The alternative proposed by An-Na’Im is an alternative to enforcement. As An-Na’Im makes crystal-clear: the state-centric approach to human rights enforcement has many shortcomings when it comes to human rights protection. It is not difficult to find examples of this. However, this does beg the question – what exactly do we mean when we refer to the enforcement of human rights? The focus of An-Na’Im’s exposé is on humanitarian intervention, which undeniably is highly problematic and controversial. However, should we indeed equate human rights enforcement only with the use of force? Isn’t it the human rights regulatory landscape that aims to ensure compliance much more refined? Human rights are clearly under-enforced but international norms of human rights are nevertheless enforced.

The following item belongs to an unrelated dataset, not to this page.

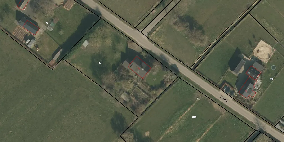 Het perceel waarop Bruuk 100 staat heeft een oppervlakte van 2680 m². Dit is een zeer groot perceel. De perceeloppervlakte wordt geregistreerd door het Kadaster. Gedetailleerde informatie over de maten van dit perceel kunt u vinden in het rapport Kadastrale kaart met maatvoering van Bruuk 100.
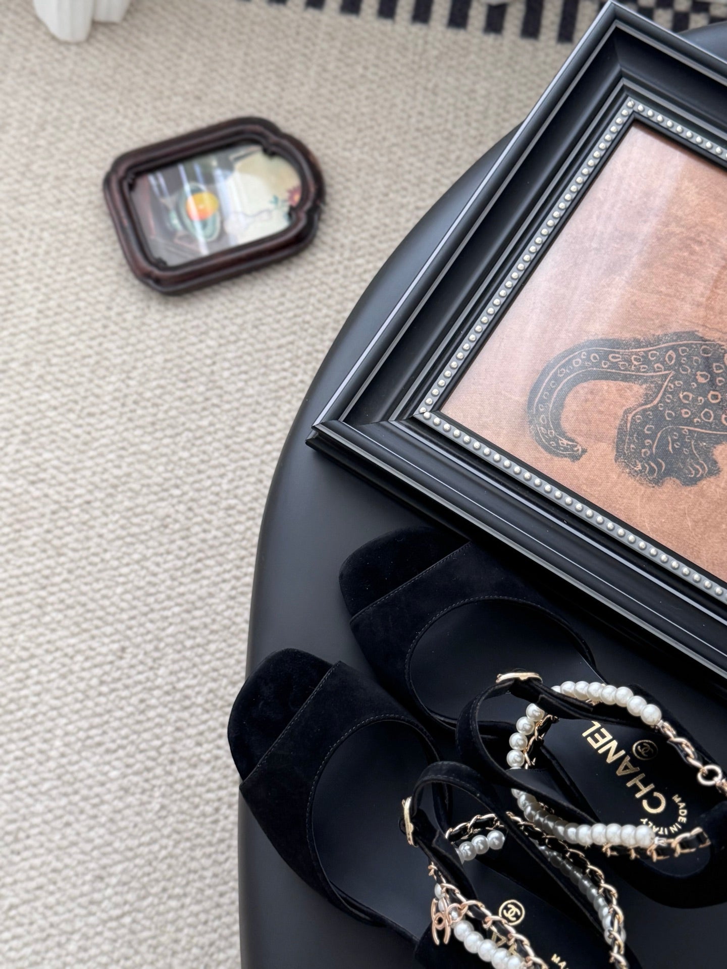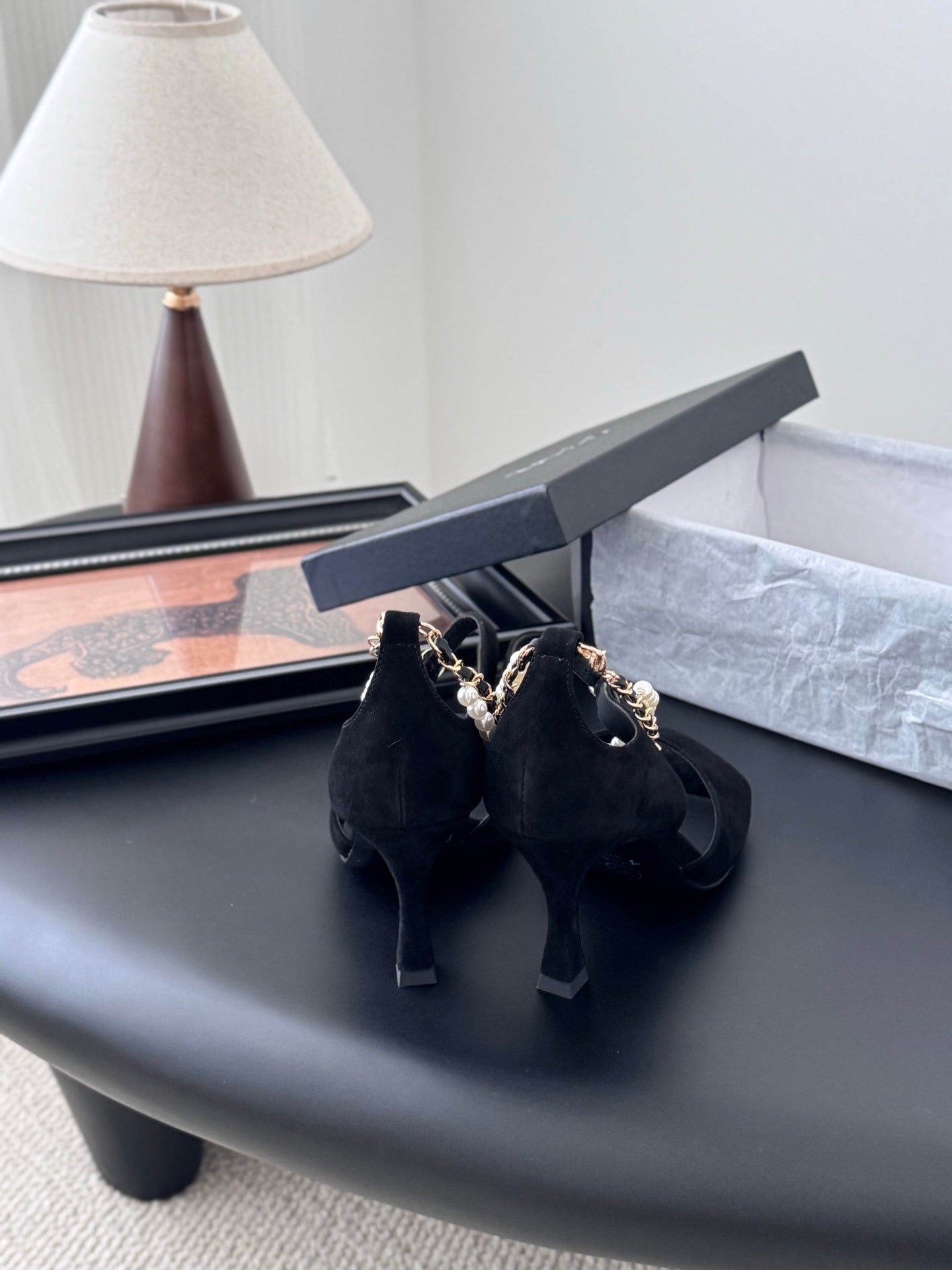 CC 25B Mary Janes 85mm High Heel Pearl Strap Black Suede

In his work on enforcement, Koh has referred to the complex transnational legal process where human rights enforcement takes place through institutional interaction where global human rights norms are debated, interpreted and ultimately internalized into domestic legal systems.9 Human rights enforcement on a government to government level indeed paints the bleak picture of ineffectiveness and impotence An-Na’Im is referring to. However, this perspective of international human rights law enforcement, which Koh terms the ‘horizontal story’, is not the complete picture. We also need to look at the ‘vertical story’, which is a much richer story, a multi-dimensional picture ‘that includes a different set of actors, fora and transactions’.10 Only referring to the highly controversial instrument of humanitarian intervention as the way to enforce human rights does not do justice to the intrinsically much more complex legal processes that underlie human rights enforcement. Even though clearly human rights supervisory mechanisms suffer from serious shortcomings, certain developments in the transnational legal process of human rights enforcement have started to make some – albeit small – inroads into addressing shortcomings of the state-centric approach. I will mention just a few of such developments.

To begin with, as is of course typical for law in general, human rights law is reactive. The fact that accountability for human rights violations is often illusive at the international level leads An-Na’Im to the observation that ‘[p]reemption of violations should therefore be the primary strategy for the protection of human rights’.11 In international human rights law the importance of prevention is acknowledged and the obligation to prevent human rights violations is expressly formulated in some treaties,12 has been addressed in General Comments issued by un supervisory bodies13 and several reports.14 Nonetheless, it is true that states habitually fall short in effectively preventing human rights violations. An-Na’Im concludes that ‘there is no strategy or institutional capacity for preempting violations at the international level’.15 This does not do justice to several developments aimed at preempting human rights violations. In this respect, it is especially worth pointing out the work of the Inter-American system for the protection of human rights, where a lot has been done in the area of prevention, early-warning, and urgent-action.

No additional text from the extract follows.